### [Required work]
Give back, exactly as written, the lines from the first line of the data below through the line with "民威DHD高风压冲击器系列应", and omit the pictures.

### [Dataset excerpt]
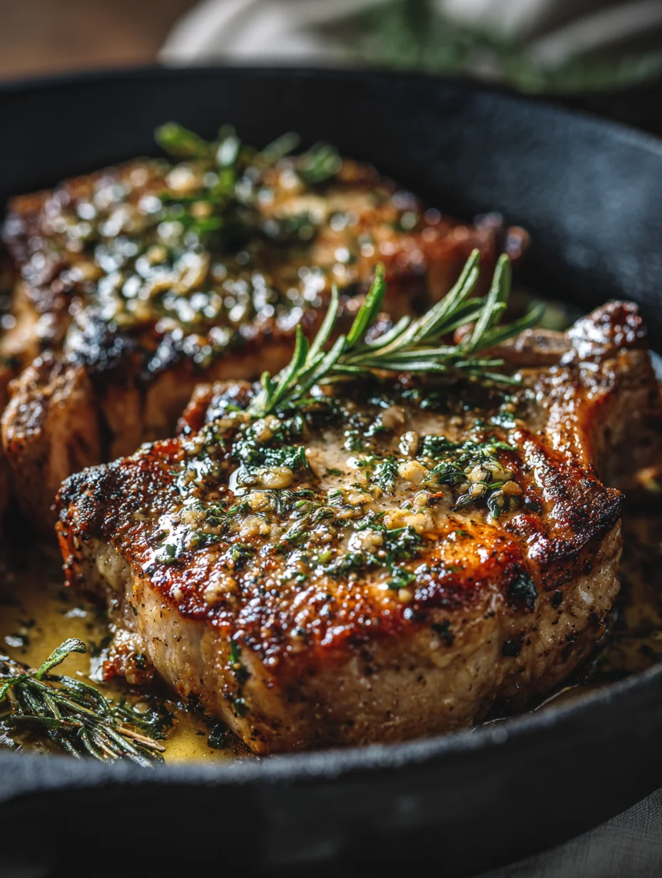 Once your pork chops are cooked, remove them from the skillet and let them rest for a few minutes. This allows the juices to redistribute throughout the meat, ensuring a juicy final product. You can serve the chops drizzled with the garlic butter sauce from the skillet and garnish with freshly chopped parsley for a pop of color and flavor.
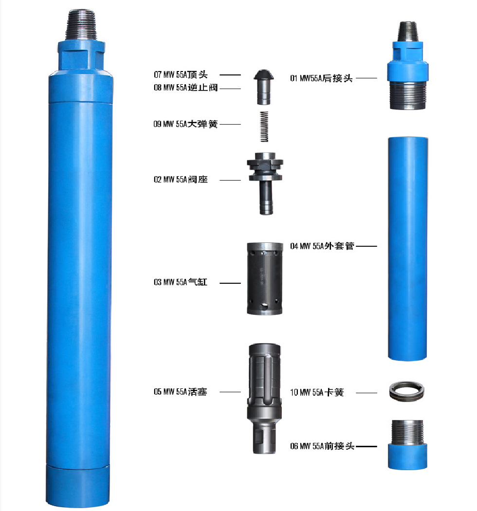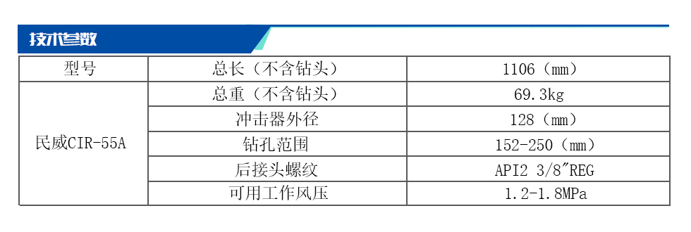 民威DHD高风压冲击器系列应用开钻凿直径(80-185mm)它可在0.56-2.46Mpa的风压状态下作业
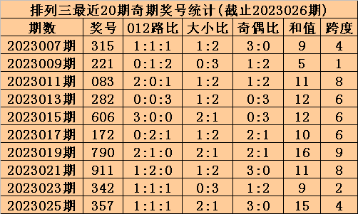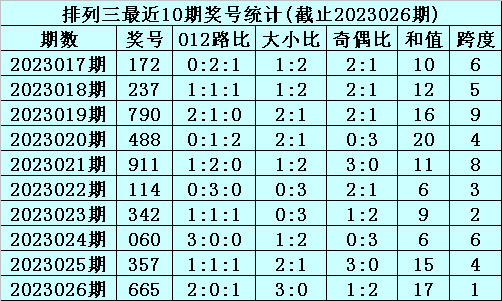 上期回顾:排列三2023026期奖号为665,奇偶比为1:2,大小比为3:0,跨度为17。

### [Reply]
 Once your pork chops are cooked, remove them from the skillet and let them rest for a few minutes. This allows the juices to redistribute throughout the meat, ensuring a juicy final product. You can serve the chops drizzled with the garlic butter sauce from the skillet and garnish with freshly chopped parsley for a pop of color and flavor.
 民威DHD高风压冲击器系列应用开钻凿直径(80-185mm)它可在0.56-2.46Mpa的风压状态下作业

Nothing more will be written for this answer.